## YOUR ASSIGNMENT
When you copy the data, keep every word exactly as it is and leave the pictures out.

## DATA FOR THIS EXERCISE
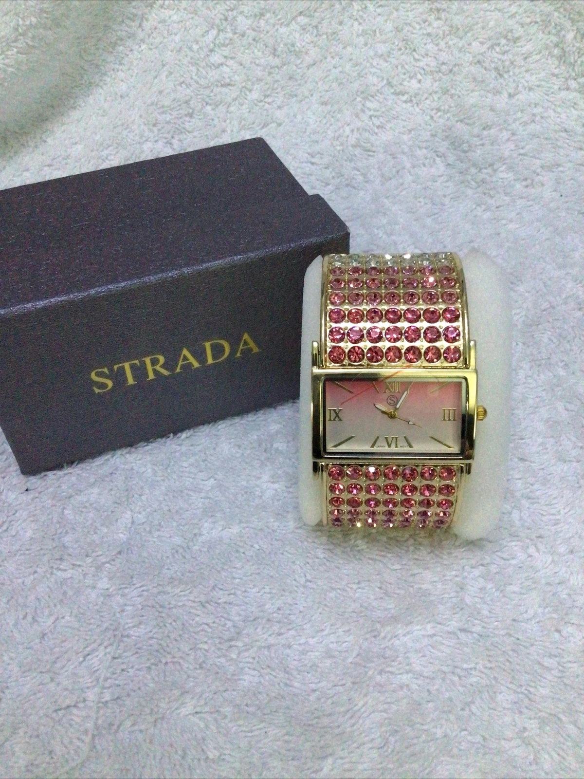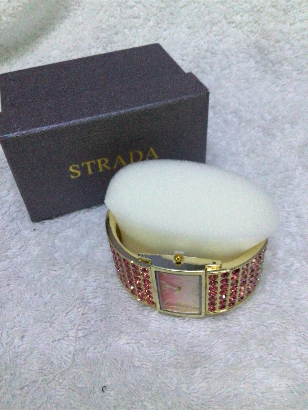 Strada Japanese Movement Pink Crystal Bangle Watch New Size 6.5/7”
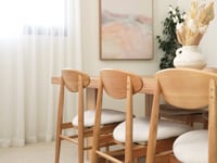 Elevate your dining experience with our Australian-made Osaka Dining Table. Its chunky 65mm thick top with a 32.5mm solid slab with a 32.5mm seamless lip exudes grandeur and durability, while the chunky U legs complement its aesthetics. What truly sets this table apart is the power of customisation – shape a one-of-a-kind masterpiece to suit your unique style. Choose the design, size, timber type, and finish that resonates with your vision. Meticulously handcrafted in Australia, it's a bespoke creation designed to be cherished for a lifetime. Crafted from 100% solid Australian hardwood, including options like Vic Ash and Tasmanian Oak, the Osaka Dining Table combines craftsmanship and personalisation for your distinct taste and style
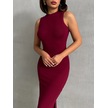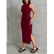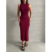 Kadın Yırtmaç Detaylı Kolsuz Soft Touch Esnek Elbise Bordo
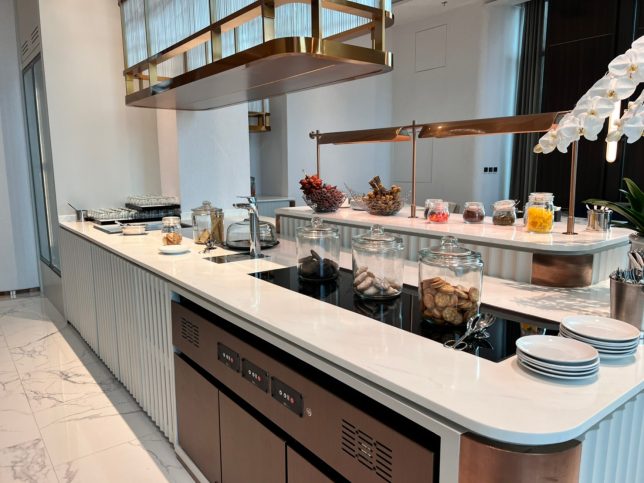 フルーツやビスケットを自分で取りに行くセルフサービススタイル。
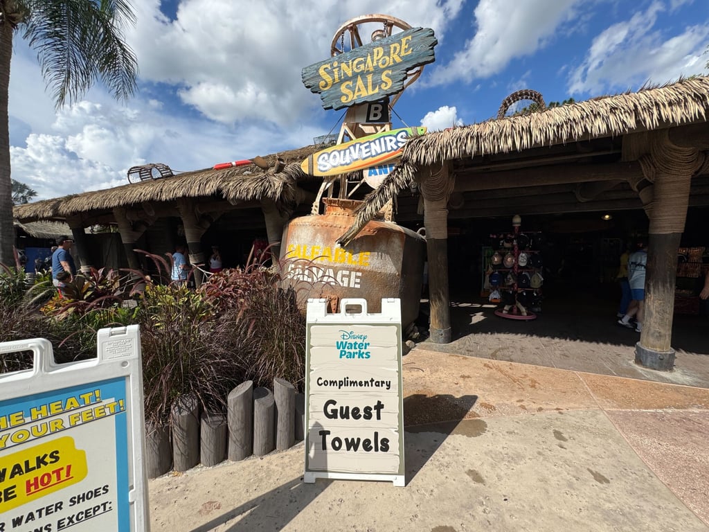 One thing you will not need to bring is a towel. The water parks provide complimentary towel rentals for Disney Resort guests. You can pick them up from Singapore Sal’s and High ‘N Dry Rentals at Typhoon Lagoon or Beach Haus at Blizzard Beach. You just need to show your MagicBand or Key to the World Card to pick up the complimentary towels.

## WORKED SOLUTION
 Strada Japanese Movement Pink Crystal Bangle Watch New Size 6.5/7”
 Elevate your dining experience with our Australian-made Osaka Dining Table. Its chunky 65mm thick top with a 32.5mm solid slab with a 32.5mm seamless lip exudes grandeur and durability, while the chunky U legs complement its aesthetics. What truly sets this table apart is the power of customisation – shape a one-of-a-kind masterpiece to suit your unique style. Choose the design, size, timber type, and finish that resonates with your vision. Meticulously handcrafted in Australia, it's a bespoke creation designed to be cherished for a lifetime. Crafted from 100% solid Australian hardwood, including options like Vic Ash and Tasmanian Oak, the Osaka Dining Table combines craftsmanship and personalisation for your distinct taste and style
 Kadın Yırtmaç Detaylı Kolsuz Soft Touch Esnek Elbise Bordo
 フルーツやビスケットを自分で取りに行くセルフサービススタイル。
 One thing you will not need to bring is a towel. The water parks provide complimentary towel rentals for Disney Resort guests. You can pick them up from Singapore Sal’s and High ‘N Dry Rentals at Typhoon Lagoon or Beach Haus at Blizzard Beach. You just need to show your MagicBand or Key to the World Card to pick up the complimentary towels.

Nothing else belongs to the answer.